The Builder Era: Why the Rules Have Changed

The barriers to building software have collapsed. Not gradually — they fell off a cliff.

What changed

Two years ago, turning an idea into a working product required the ability to code, money to hire someone who could, or a technical co-founder. Today, you need the ability to describe what you want clearly. That's it.

The new economics

I built a full health and longevity platform in weeks. A complete PDF editor in 2 days. Five production products shipped rapidly. Not prototypes — live products that people use. The total infrastructure cost to run these is somewhere between $0 and $20 per month each.
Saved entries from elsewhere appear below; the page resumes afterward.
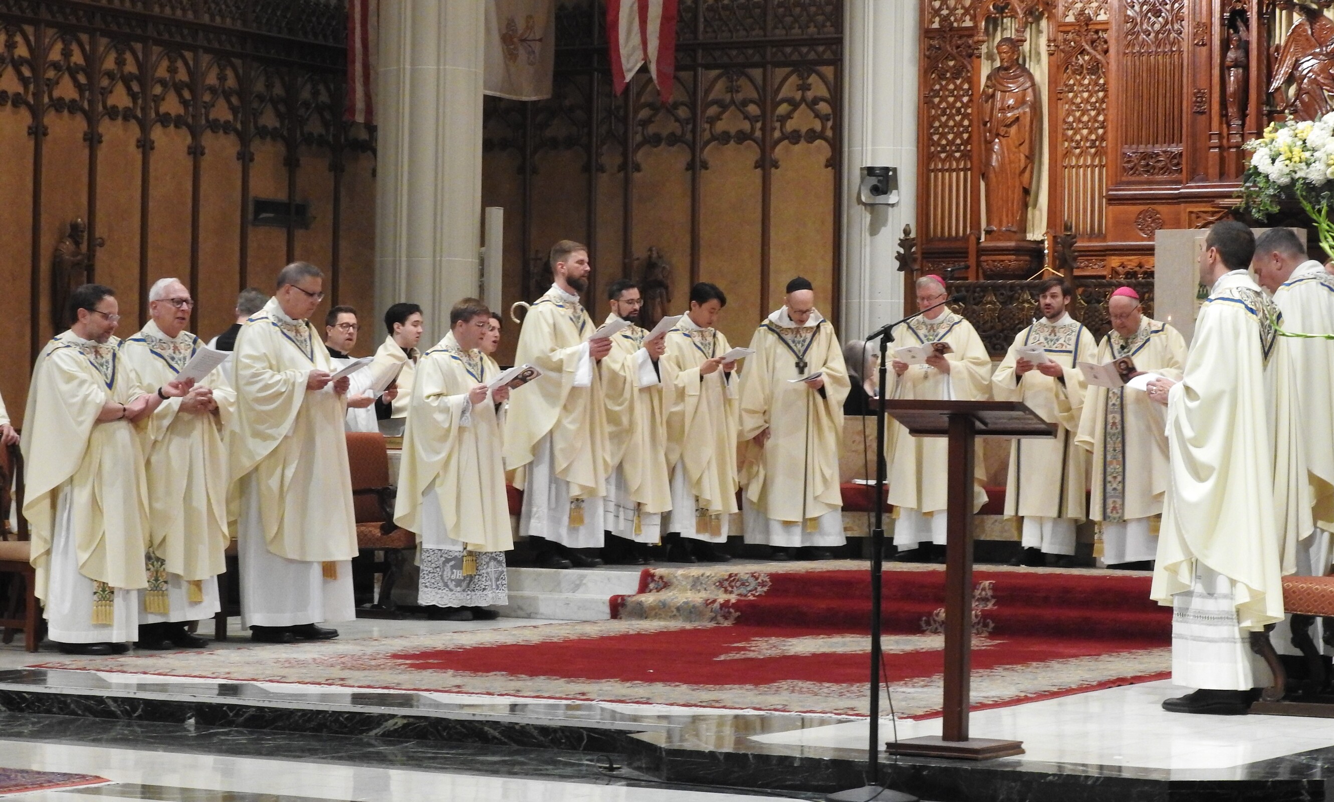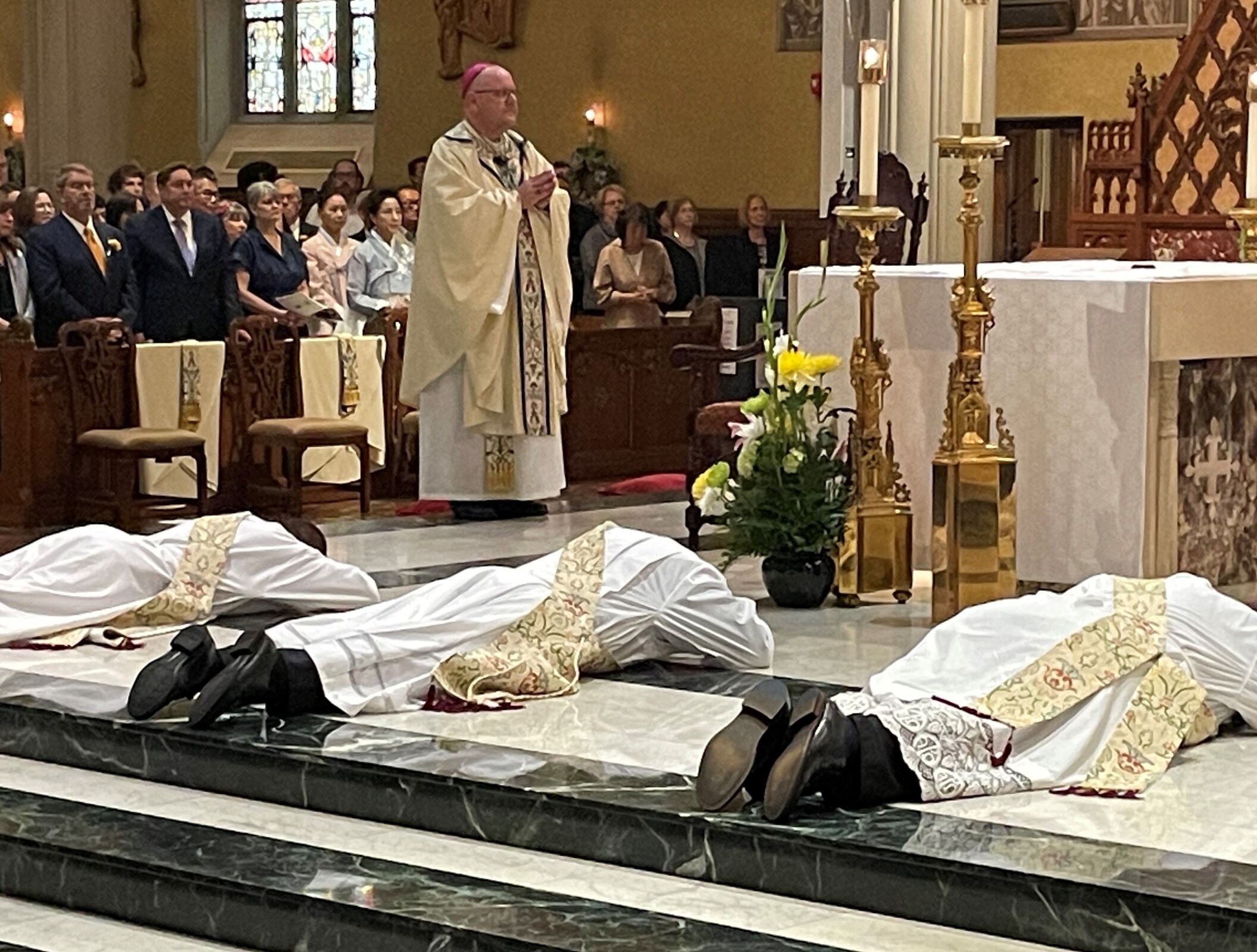The rite of ordination included election of the candidates, promise of the elect, the litany of supplication – during which the six men lay on the cathedral floor – laying on of hands, prayer of ordination, investiture with stole and chasuble, anointing of hands with sacred chrism and the fraternal kiss during which other priests at the Mass embrace each of the newly ordained.
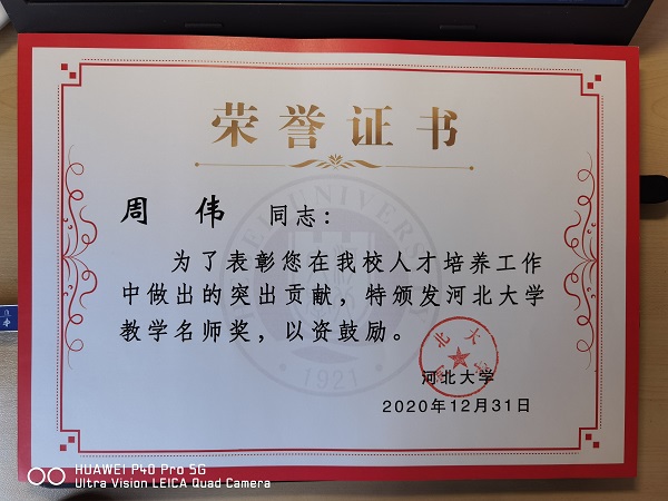根据《河北大学教学名师评选管理办法》(校政字[2020]41号),学校组织开展了2020年河北大学教学名师评选工作,我院周伟教授荣获“2020年河北大学教学名师奖”。
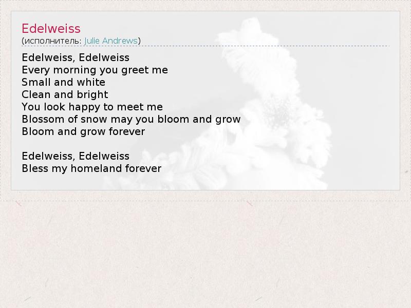 А как ты думаешь, о чем песня "Edelweiss" ?
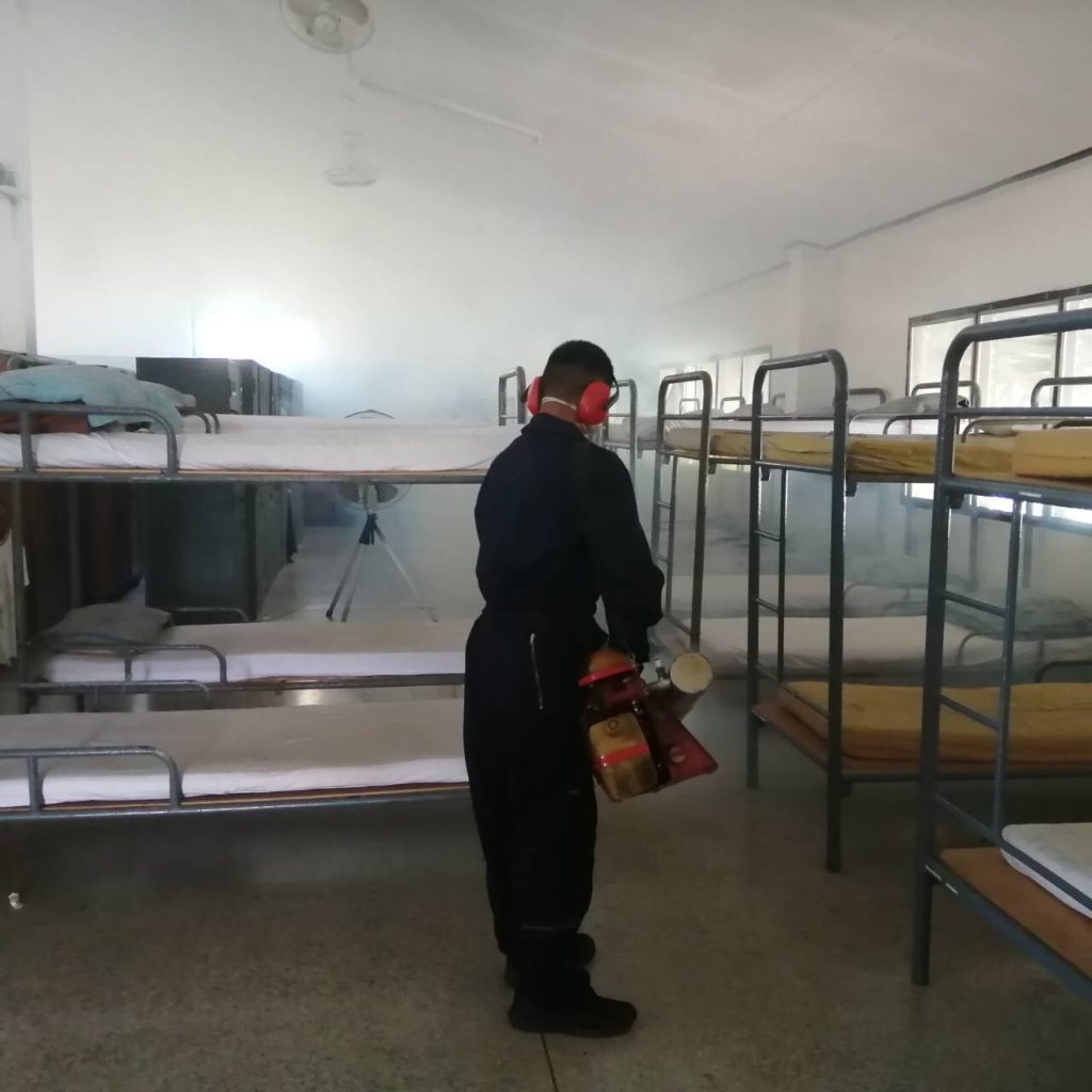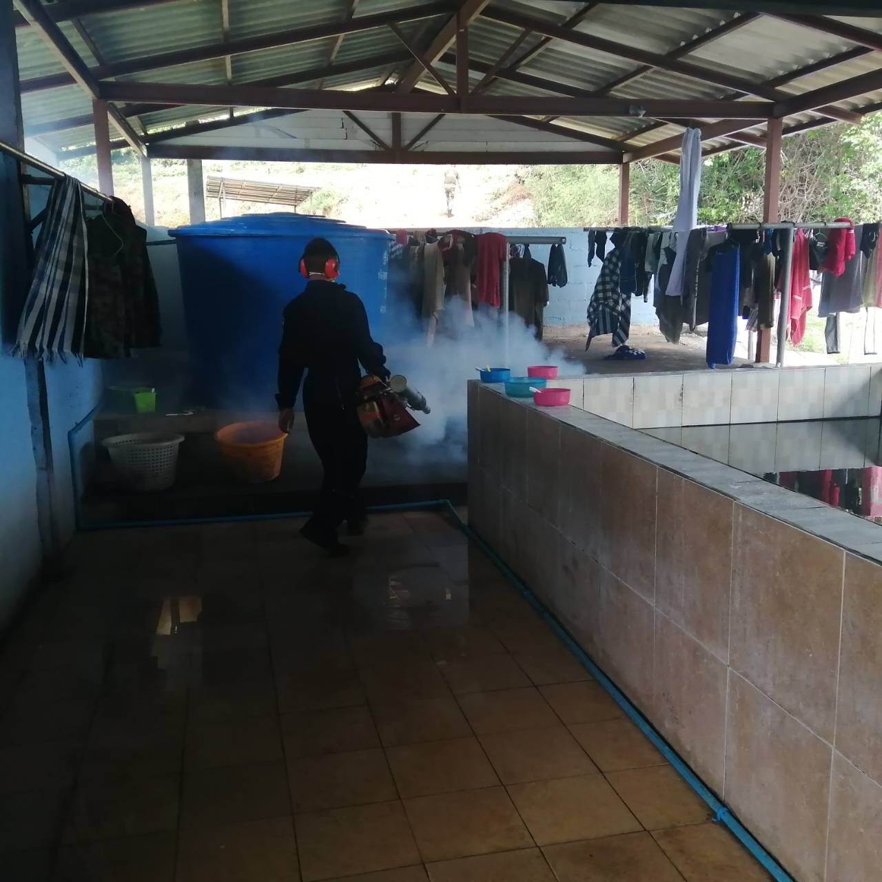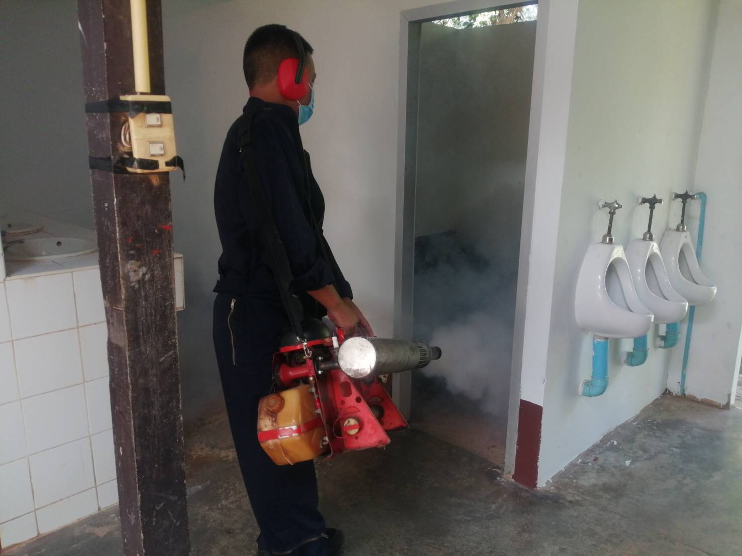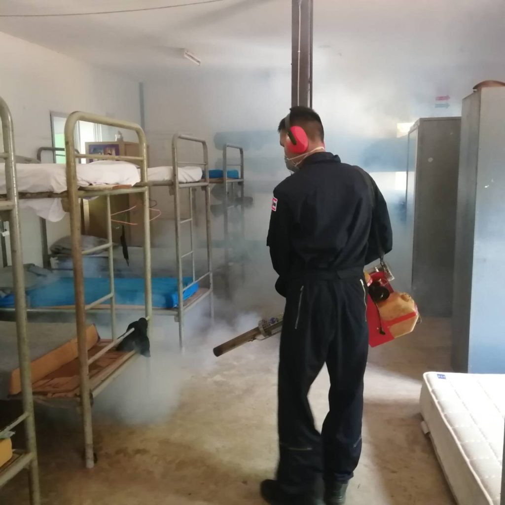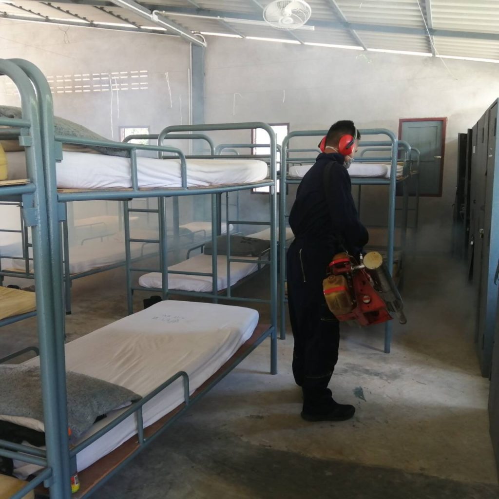 ๑๑ ส.ค. ๖๓ เจ้าหน้าที่เวชกรรมป้องกัน กองพันพยาบาล กรม สน.สอ.รฝ. ดำเนินการพ่นหมอกควันกำจัดยุง ให้กับ บก.ศสร., รปภ.ประตูทางรถไฟ, รปภ.ประตูชายทะเล / พัน.พ.กรม สน.สอ.รฝ / By แผนกเวชนิทัศน์ กวส.พร. เจ้าหน้าที่เวชกรรมป้องกัน กองพันพยาบาล กรม สน.สอ.รฝ. ดำเนินการพ่นหมอกควันกำจัดยุง ให้กับ บก.ศสร., รปภ.ประตูทางรถไฟ, รปภ.ประตูชายทะเล อำเภอ สัตหีบ จังหวัด ชลบุรี เมื่อวันที่ ๑๑ สิงหาคม ๒๕๖๓ จำนวนคนดู : 70
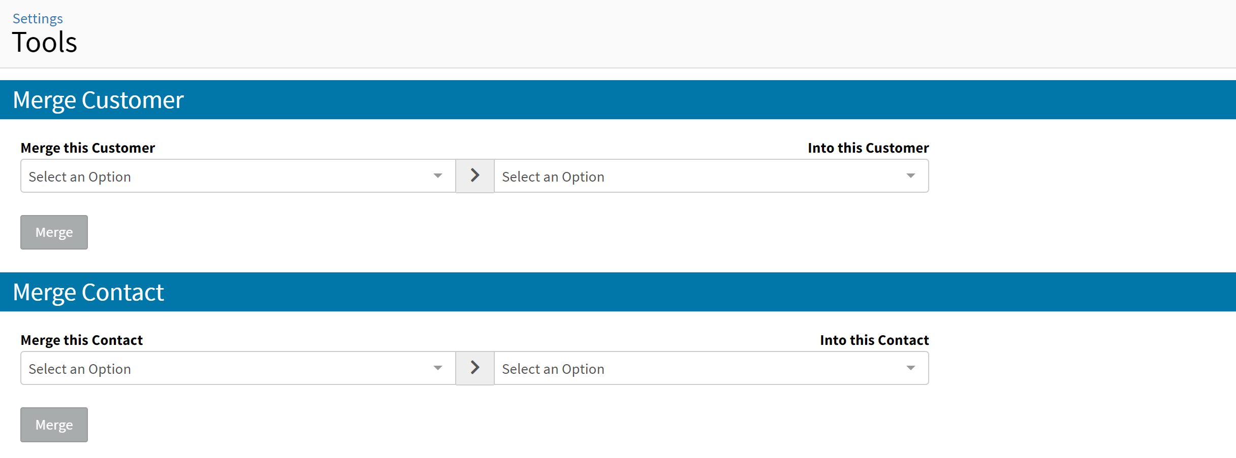 1. Select {Settings} and then select {Tools} under the Admin section. The Merge Customer/Merge Contact page will open.
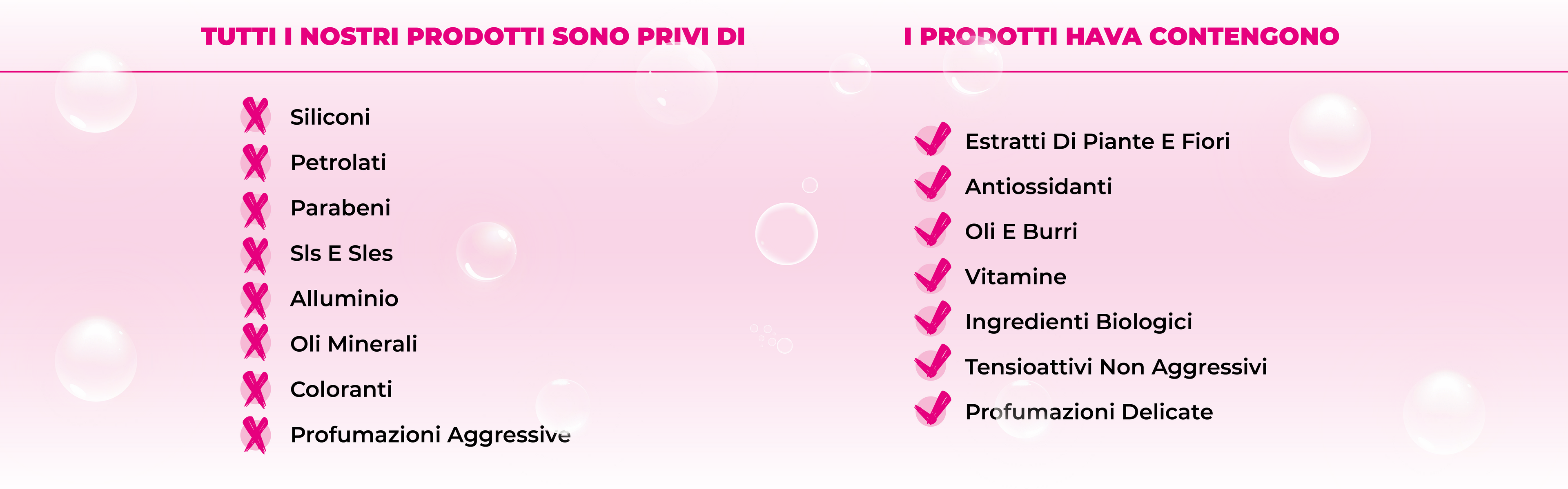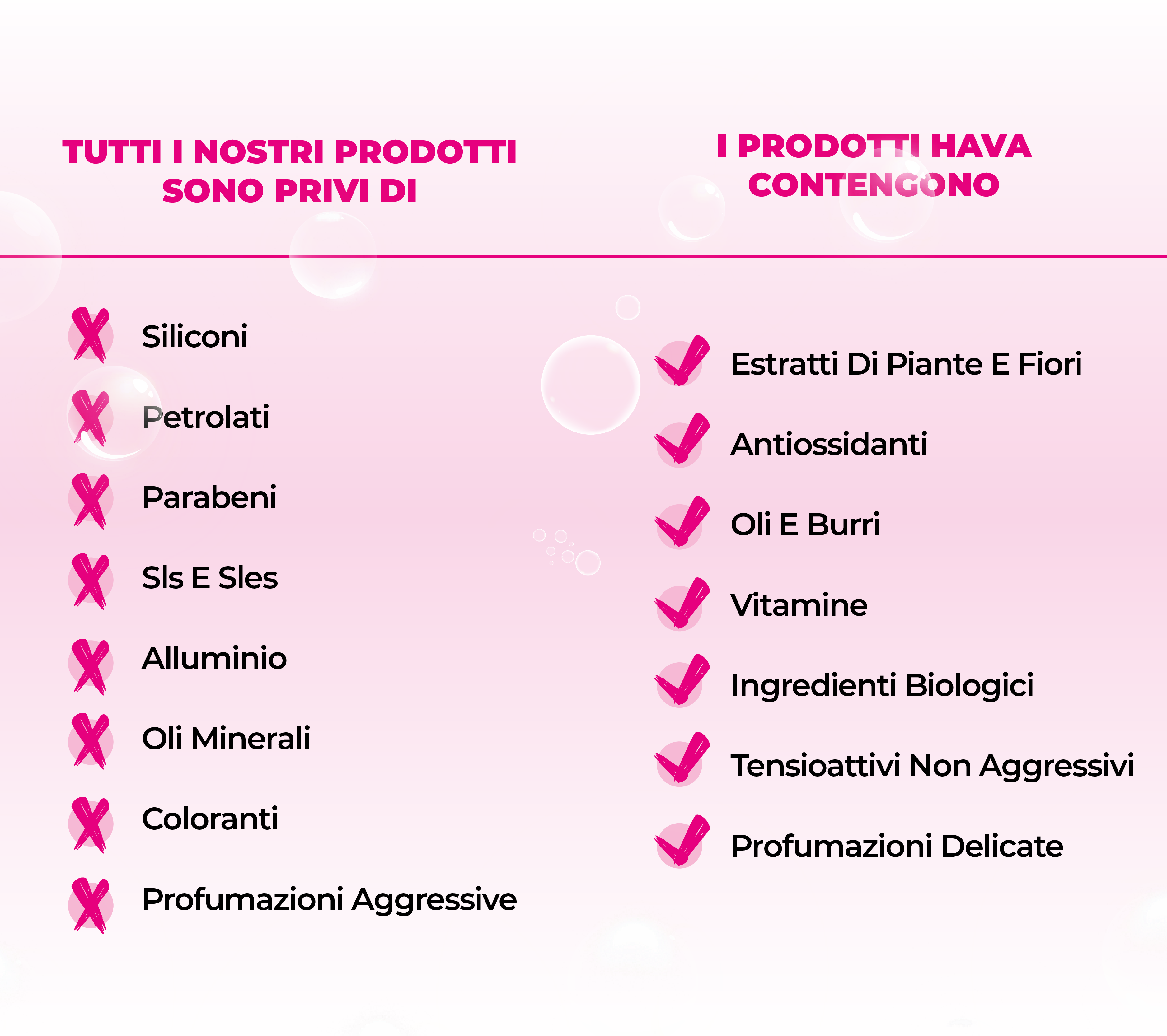 Tutti i prodotti Hava sono privi di Siliconi, Parabeni, SLS e SLES, alluminio, oli minerali, coloranti e profumazioni aggressive.

Compare that to the old model: $150k-$500k for an MVP, 6-18 months of development, a team of 3-5 people.

What this means for organisations

This isn't just about startups. Every organisation has a backlog of internal tools, workflow improvements, and customer-facing products that never get built because the cost and timeline don't justify the risk.

AI development tools change that equation. An internal dashboard that would have taken a dev team 3 months can be prototyped in a week. A customer portal that sat in the backlog for a year can be validated in days.

The organisations that recognise this shift and act on it will have a fundamental advantage over those that are still budgeting 6-month development cycles for every initiative.

The bottleneck has moved

The bottleneck is no longer technical skill or capital. It's clarity of thought, willingness to ship, and — critically — having someone who can bridge the gap between what AI tools can do and what your organisation needs. That's the new leadership challenge.